[Opening Input data section]

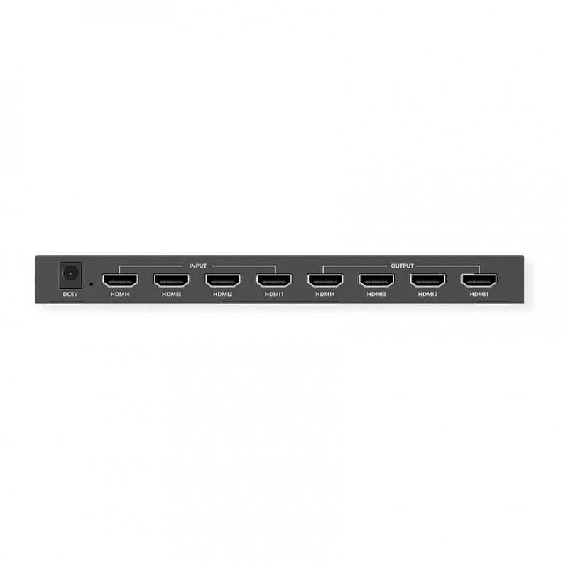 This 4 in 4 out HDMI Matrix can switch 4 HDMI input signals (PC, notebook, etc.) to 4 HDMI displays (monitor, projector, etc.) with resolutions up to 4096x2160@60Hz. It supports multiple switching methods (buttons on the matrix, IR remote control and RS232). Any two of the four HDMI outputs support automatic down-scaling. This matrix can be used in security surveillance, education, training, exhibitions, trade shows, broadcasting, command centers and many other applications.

[Closing Input data section]
[Opening Input data section]

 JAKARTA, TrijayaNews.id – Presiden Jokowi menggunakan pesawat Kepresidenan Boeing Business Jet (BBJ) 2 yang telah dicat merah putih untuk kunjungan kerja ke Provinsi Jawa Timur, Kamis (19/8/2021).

[Closing Input data section]
[Opening Input data section]

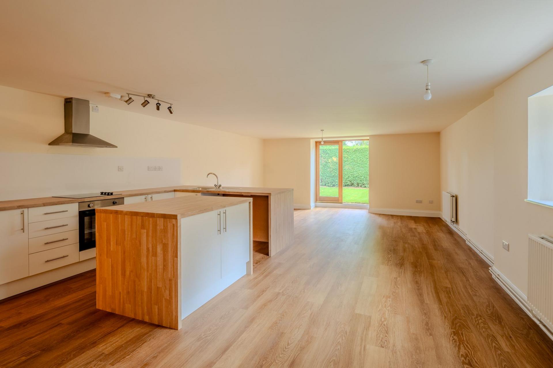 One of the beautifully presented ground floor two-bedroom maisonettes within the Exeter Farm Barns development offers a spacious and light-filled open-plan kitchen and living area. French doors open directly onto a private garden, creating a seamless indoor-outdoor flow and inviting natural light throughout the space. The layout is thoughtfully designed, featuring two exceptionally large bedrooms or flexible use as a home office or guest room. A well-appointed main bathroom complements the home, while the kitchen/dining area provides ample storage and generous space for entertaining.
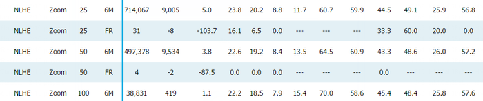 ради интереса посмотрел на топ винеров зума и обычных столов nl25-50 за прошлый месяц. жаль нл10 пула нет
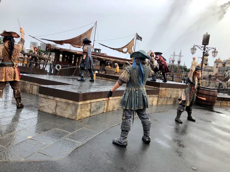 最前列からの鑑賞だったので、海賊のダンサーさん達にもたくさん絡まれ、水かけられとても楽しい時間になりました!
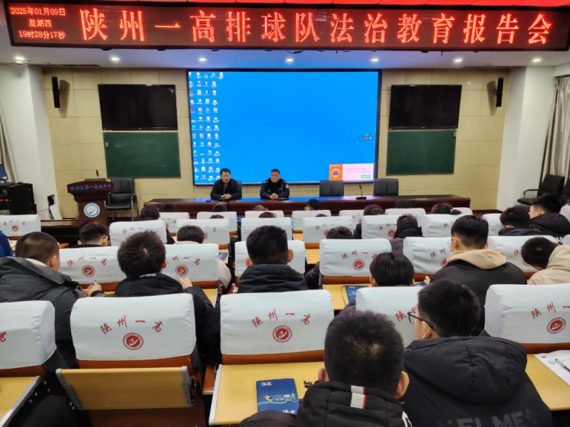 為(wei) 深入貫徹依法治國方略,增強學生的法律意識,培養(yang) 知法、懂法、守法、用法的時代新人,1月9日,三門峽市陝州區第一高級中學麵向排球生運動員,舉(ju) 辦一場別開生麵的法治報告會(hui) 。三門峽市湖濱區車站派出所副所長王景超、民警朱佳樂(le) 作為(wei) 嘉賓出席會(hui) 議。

[Closing Input data section]

Work order: Reproduce word for word, with pictures dropped, only the part of the material above that opens with the line containing "ради интереса посмотрел" and closes with the line containing "作為(wei) 嘉賓出席會(hui) 議。".

Answer for the task:
 ради интереса посмотрел на топ винеров зума и обычных столов nl25-50 за прошлый месяц. жаль нл10 пула нет
 最前列からの鑑賞だったので、海賊のダンサーさん達にもたくさん絡まれ、水かけられとても楽しい時間になりました!
 為(wei) 深入貫徹依法治國方略,增強學生的法律意識,培養(yang) 知法、懂法、守法、用法的時代新人,1月9日,三門峽市陝州區第一高級中學麵向排球生運動員,舉(ju) 辦一場別開生麵的法治報告會(hui) 。三門峽市湖濱區車站派出所副所長王景超、民警朱佳樂(le) 作為(wei) 嘉賓出席會(hui) 議。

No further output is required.